Was meint der Apostel Paulus, wenn er in Vers 23 sagt: „Denn der Lohn der Sünde ist der Tod, die Gabe Gottes aber ist das ewige Leben in Christus Jesus, unserem Herrn.“ Wenn wir uns mühen nach dem Gesetz, also den Zehn Geboten zu leben, werden wir das Leben haben. Die Gebote sind nicht zur Einschränkung des Lebens und zur Verhinderung von Spaß und Freude gedacht, sondern um in der einer geordneten Freiheit ein gutes Zusammenleben zwischen den Menschen, zwischen Gott und den Menschen und wegen eines guten Verhältnisses zur eigenen Person und den eigenen Bedürfnissen gedacht. Gehen wir gut mit einander um und gönnen unserem Nächsten einen Erfolg, sprechen in der Wahrheit von und übereinander und nutzen wir den Sonntag zur Erholung und zur Begegnung mit Gott und ermöglichen ihm in unser Leben einzugreifen, werden wir merken, dass Leben, Glück und Freude in uns ist. 

Suchen wir jedoch stets unseren eigenen Vorteil, lügen und betrügen und beuten uns und unsere Gesundheit selbst aus, wird sich das zu Beginn vielleicht wie Leben anfühlen. Schlussendlich führt ein solches Verhalten jedoch in den Tod. In den Tod von Freundschaften, Auseinanderbrechen von Gesellschaften und in körperliche und seelische Erschöpfung.

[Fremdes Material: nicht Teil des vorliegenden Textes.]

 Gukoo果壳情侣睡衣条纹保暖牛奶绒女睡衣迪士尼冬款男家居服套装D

Setzt sich der Mensch selbst als Absolutes und gibt Gott keine Ehre mehr, muss er sich niemandem gegenüber rechtfertigen. Wir Christen wissen jedoch, dass Gott Herr über Leben und Tod ist und dass unsere Heimat im Himmel ist. Leben mit Gott macht frei, wohingegen Leben in der Sünde versklavt und die Liebe zum Nächsten, uns selbst und zu Gott tötet. 

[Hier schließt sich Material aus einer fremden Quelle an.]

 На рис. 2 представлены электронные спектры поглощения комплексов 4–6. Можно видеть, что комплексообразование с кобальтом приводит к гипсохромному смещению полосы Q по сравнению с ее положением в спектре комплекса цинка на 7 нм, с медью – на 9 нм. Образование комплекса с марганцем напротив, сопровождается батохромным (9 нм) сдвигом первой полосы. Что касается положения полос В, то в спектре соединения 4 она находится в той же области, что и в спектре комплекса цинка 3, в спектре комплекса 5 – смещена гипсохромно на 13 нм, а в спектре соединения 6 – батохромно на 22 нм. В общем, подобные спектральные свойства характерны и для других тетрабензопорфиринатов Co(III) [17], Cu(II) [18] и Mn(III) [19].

Durch unsere eigene Taufe haben wir Zugang zum Ewigen Leben erhalten und sind Kinder Gottes geworden, wie der Apostel uns schreibt, sodass selbst mit dem biologischen Tod auf Erden für uns nicht alles vorbei ist, sondern das Leben in Christus verwandelt weitergeführt wird. Vielleicht ist es gut, sich diesen Gedanken an den Tod als Übergang zum Ewigen Leben öfters in Erinnerung zu rufen und sich dann zu überlegen ob die ein oder andere Sünde oder Übertretung der Gebote Gottes tatsächlich notwendig ist, schließlich wollen wir alle das von Christus verheißene Leben in Fülle genießen. Und die frohe Botschaft zum Schluss: selbst wenn man gesündigt und das wahre Leben gegen die Sünde eingetauscht hat, schenkt Gott einem reuigen Sünder immer wieder die Möglichkeit zum Neuanfang und schenkt im Sakrament der Versöhnung seine Vergebung. Bestes Beispiel ist die Bekehrung des Christenverfolgers Saulus zu Paulus, einem der größten Verkündiger des Evangeliums.